# Gen 1 Diesel with Gen 2 fuel filter housing



## BlueTopaz (Aug 25, 2012)

Yeah, I have issues taking my filter bowl off. I don't torque it on very tight but it seems to not want to come off easy and scared that I will break something turning it. I need to look up the Gen 2 set up. I even thought about trying to put a CAT fuel filter setup on. Ease of a spin on filter for the main reason.


----------



## Barry Allen (Apr 18, 2018)

Where is the fuel filter located and is there clearance to run a CAT filter adapter? Might get an aftermarket setup like that and switch to screw-on CAT filters.


----------



## pandrad61 (Jul 8, 2015)

Barry Allen said:


> Where is the fuel filter located and is there clearance to run a CAT filter adapter? Might get an aftermarket setup like that and switch to screw-on CAT filters.


If I recall gen 1 is passenger side about where under the rear seat would be by the frame frail. Could be totally off. It’s been a very long time since I’ve looked it up


----------



## Detrious (Jul 5, 2017)

Yea that's about where it is, it's mounted to the fuel tank right by the right rear tire/under the rear seat. The bracket it mounts to it plastic and very flimsy, which is probably why so many people have trouble as it likes to pop out of this bracket when you try and remove the cap. I don't think there is enough space to swap it with for one of those spin on style water separators, plus there is a sensor and I believe fuel heater built into the housing.

When I do my fuel filter I end up wedging a small piece of a 2x4 between the housing and the body beside it. It holds it well enough for me to break the cap loose.


----------



## Barry Allen (Apr 18, 2018)

Detrious said:


> I don't think there is enough space to swap it with for one of those spin on style water separators, plus there is a sensor and I believe fuel heater built into the housing.


In the Gen2 there is not enough room for a big CAT filter, otherwise it's what I'd use. I could live without a fuel heater by just running good winter blend fuel.


----------



## Evocube (Jan 30, 2019)

Detrious said:


> Yea that's about where it is, it's mounted to the fuel tank right by the right rear tire/under the rear seat. The bracket it mounts to it plastic and very flimsy, which is probably why so many people have trouble as it likes to pop out of this bracket when you try and remove the cap. I don't think there is enough space to swap it with for one of those spin on style water separators, plus there is a sensor and I believe fuel heater built into the housing.
> 
> When I do my fuel filter I end up wedging a small piece of a 2x4 between the housing and the body beside it. It holds it well enough for me to break the cap loose.

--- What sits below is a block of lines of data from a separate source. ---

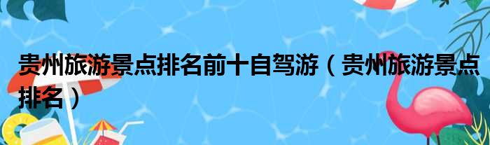贵州旅游景点排名前十自驾游(贵州旅游景点排名)
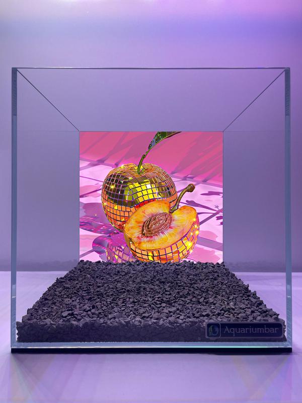 Изображение представляет собой аквариумную установку, в которой изображение двух персиков, словно находящихся в интерьере, занимает центральное место. Персики и яблоко стилизованы с применением мотивов диско-шаров, создающих эффект отражения и блеска. Цвета - яркие и насыщенные, в основном представлены оттенки розового, золотого и оранжевого. Стиль изображения можно отнести к цифровому искусству, вероятно, созданному с помощью компьютерной программы. Композиция сфокусирована на объектах, что указывает на направленность внимания на персики и яблоко как на главные элементы. Материал изображения -- не традиционное полотно, а изображение на цифровом носителе (экране), помещенное в аквариум.
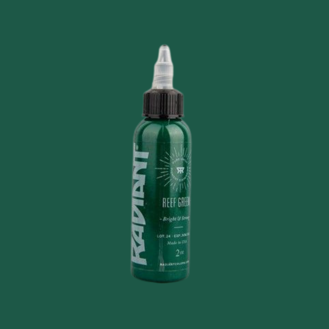 An elegant deep sea green. Single bottle of https://www.wholesalebodyjewellery.com/tattoo-supplies/product/tattoo-inks/radiant.html Radiant Ink . Available in 1oz. Sterilised, easy to apply, pure, uncut homogenised pigment.

I was trying to figure out how to wedge something in there but have not figured out where to wedge it yet... Do you go in from the side? I am just afraid of breaking the mounting plate off then I would be SOL. Plus I was trying to remove the whole housing but cannot figure out how to get it out since it appears there is some kind of clip holding it on...

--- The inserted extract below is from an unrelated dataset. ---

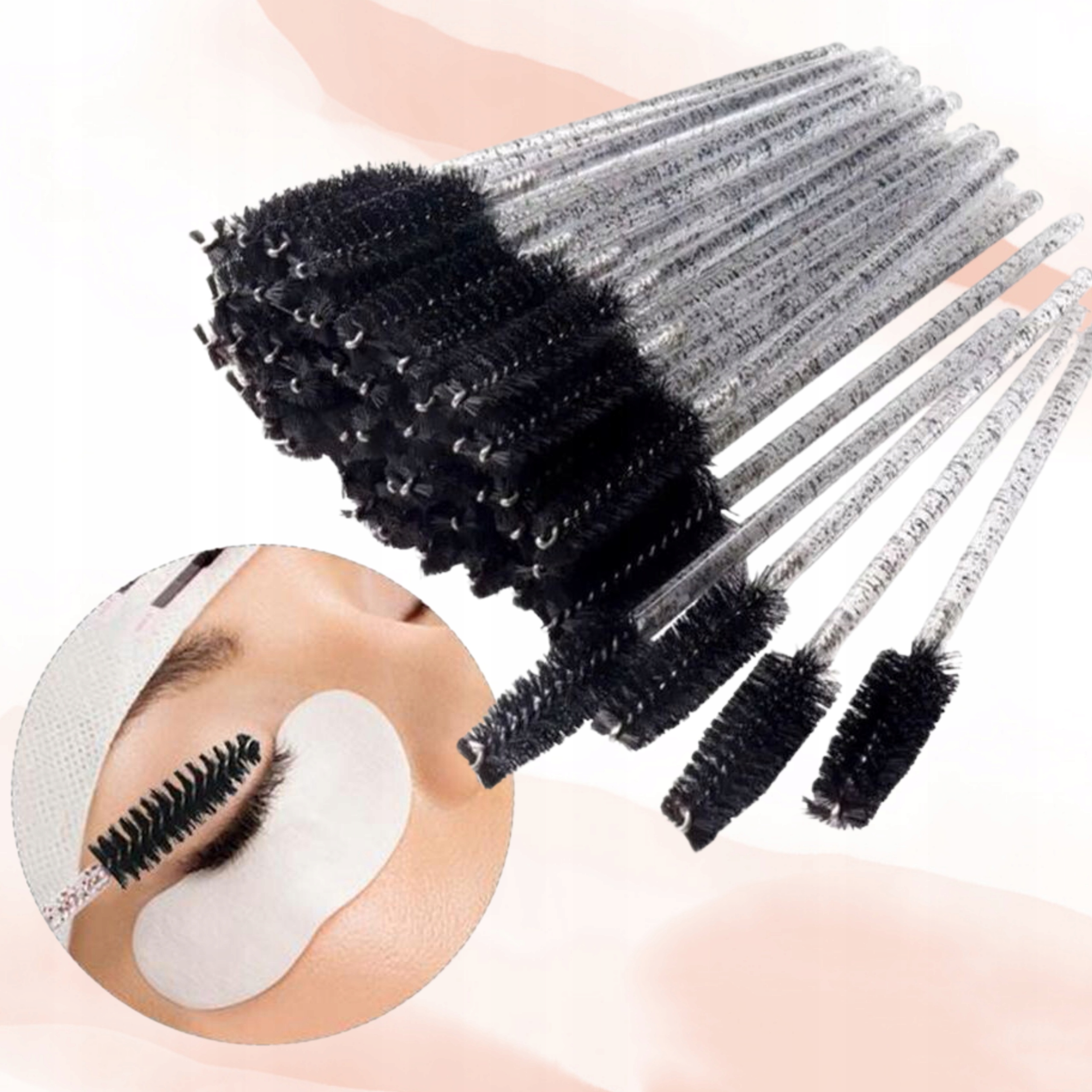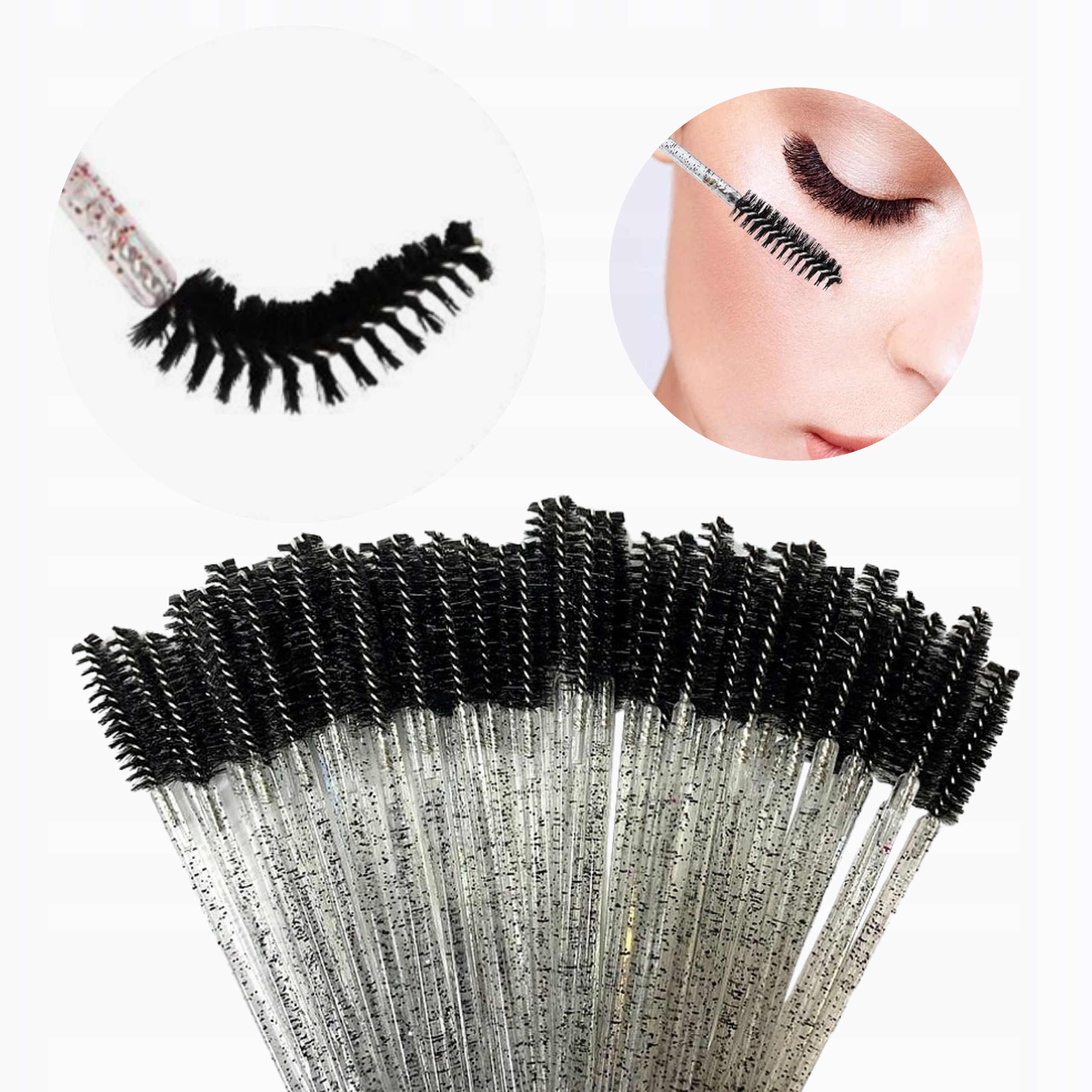 КИСТИ ДЛЯ БРОВЕЙ 50 ШТ. СЕРЕБРЯНЫЕ БЛЕСКИ ОДНОРАЗОВЫЕ СПИРАЛЬ

Honestly I am getting all sorts of frustrated with it but don't want to break it, so I stepped away LOL.


----------



## Detrious (Jul 5, 2017)

I'm trying to find a decent picture of the housing online since I'm not near the car right now to take one but I'm coming up short.

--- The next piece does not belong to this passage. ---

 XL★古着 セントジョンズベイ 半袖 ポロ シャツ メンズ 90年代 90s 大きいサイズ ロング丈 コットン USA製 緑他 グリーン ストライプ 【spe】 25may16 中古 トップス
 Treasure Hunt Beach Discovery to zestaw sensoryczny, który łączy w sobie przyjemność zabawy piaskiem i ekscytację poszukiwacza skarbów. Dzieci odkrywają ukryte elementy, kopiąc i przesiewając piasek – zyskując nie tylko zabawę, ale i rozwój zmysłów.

So if you are looking at it I wedge the piece of wood on the side 180° opposite of the crappy white plastic mounting bracket. So it would look like fuel tank/bracket>filter module>wood>car body. There's just enough space between the module and the body to fit a piece of wood. You might need to move a wiring harness or something out of the way to put it in there. Also make sure that crappy bracket is back in before you do it, you just gotta push the module up some then slide it back in. That will give you the room you need


----------



## BDCCruze (Jul 12, 2017)

I've not looked too closely but it looks like the housing for the Gen 1 is plastic (yes the lid is, but I mean the part the bolts to the unibody). Considering plastic gets brittle and breaks, using that material for a difficult to remove maintenance item almost falls to the level of incompetence.


----------



## Boathook36 (Apr 4, 2021)

I found an aluminum filter housing sold with log splitter accessories at Tractor Supply that has a spin on filter compatible with the same fuel filter as my 1995 GMC Topkick with 366 V8. Standard pipe thread for brass hose barbs. Its nearly identical as the Topkick factory version except half the cost. I dont like the CAT version since my 1996 Cat diesel powered Topkick came with a fully clogged filter housing that had to be bypassed. The CAT filters are also usually too big, but this is pretty small. It would fit with basic plumbing. Thats my plan once my plastic junk gives out.


----------